Woman Member of Parliament for Kasanda District
- Incumbent
- Assumed office 2021

Personal details
- Born: April 22, 1985 Uganda
- Party: National Unity Platform
- Education: Makerere University (Bachelor of Arts with Education, Master of Arts in Human Rights)
- Occupation: Politician, Teacher, Women's Rights Activist

= Flavia Nabagabe Kalule =

Ugandan politician (born 1985)

Flavia Nabagabe Kalule (born 22 April 1985) is a Ugandan teacher, Inter-parliamentary Union representative, women's rights activist and woman member of parliament for Kassanda district in the 11th parliament of the Republic of Uganda. She is chairperson of the women’s league at National Unity Platform (NUP) party also known as People Power.

== Early life and education ==
Flavia was born on 22 April 1985 to Lawrence Sserugo Kalule and Florence Nalwanga Kalule, who served as a Resident District Commissioner (RDC) for the Mubende, Kabarole and Nakasongola districts.

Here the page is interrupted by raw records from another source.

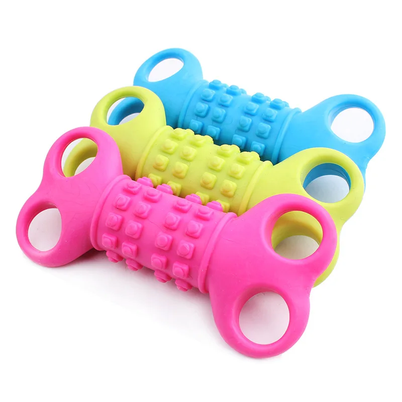 New Resistant To Bite Bone Dog Puppy Molars Rubber Ball Play For Teeth
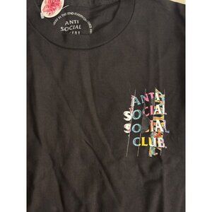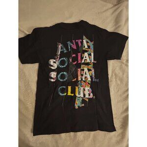 This black t-shirt from Anti Social Social Club features vibrant graphic prints on the front and back. Crafted from 100% cotton, it ensures comfort and durability. Designed in a size small, it offers a true-to-size fit. Made in the USA, the shirt embodies quality craftsmanship and unique style.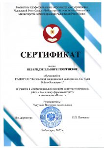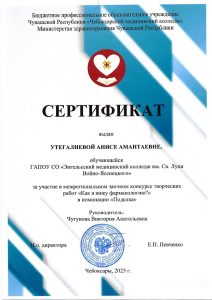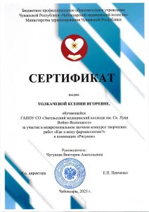 Студенты 3 курса 332 группы ГАПОУ СО «Энгельсский медицинский колледж Св. Луки (Войно-Ясенецкого)» Неберидзе Эльвира, Толкачева Ксения и Утегалиева Анися под руководством преподавателя Чугуновой В. А. приняли участие в межрегиональном заочном конкурсе творческих работ «Как я вижу фармакологию?» среди обучающихся специальности 33.02.01 Фармация медицинских и фармацевтических профессиональных образовательных организаций Приволжского федерального округа, который проходил на базе БПОУ «Чебоксарский медицинский колледж». В ходе проведения конкурса студенты смогли изучить дополнительный материал по фармакологии и реализовать свой творческий потенциал. Результат участия – сертификаты. Поздравляем!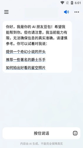 豆包是由北京春田知韵科技重磅推出的一款AI人工智能软件,豆包既可以为用户回答任何领域的问题,同时也能通过用户的话语去生成对应场景的图片,对文字内容的理解以及还原度很高,是2025最受欢迎的AI人工智能之一。无论是工作、生活、还是学习等方面,豆包这款AI软件都能很好帮助到用户,成为你的得力助手,深受人们的喜爱。豆包可以帮助你完成各种不同的服务,享受完全不一样的人工智能服务吧。豆包之中还有各种不同的人工智能服务,通过豆包你可以很快的总结一篇文章之中的主要重点都是什么,享受更加迅速的总结性服务,以更快的玩耍一系列的文本制作。

Flavia completed her primary level education at St Theresa’s Namagunga Primary Boarding School in 1998. She completed both her Secondary level education from Our Lady of Good Counsel Gayaza in 2004. She later joined Makerere University for Bachelor of Arts with Education and graduated in 2008. In 2013, Flavia enrolled for a Masters in Arts in Human Rights at Makerere University.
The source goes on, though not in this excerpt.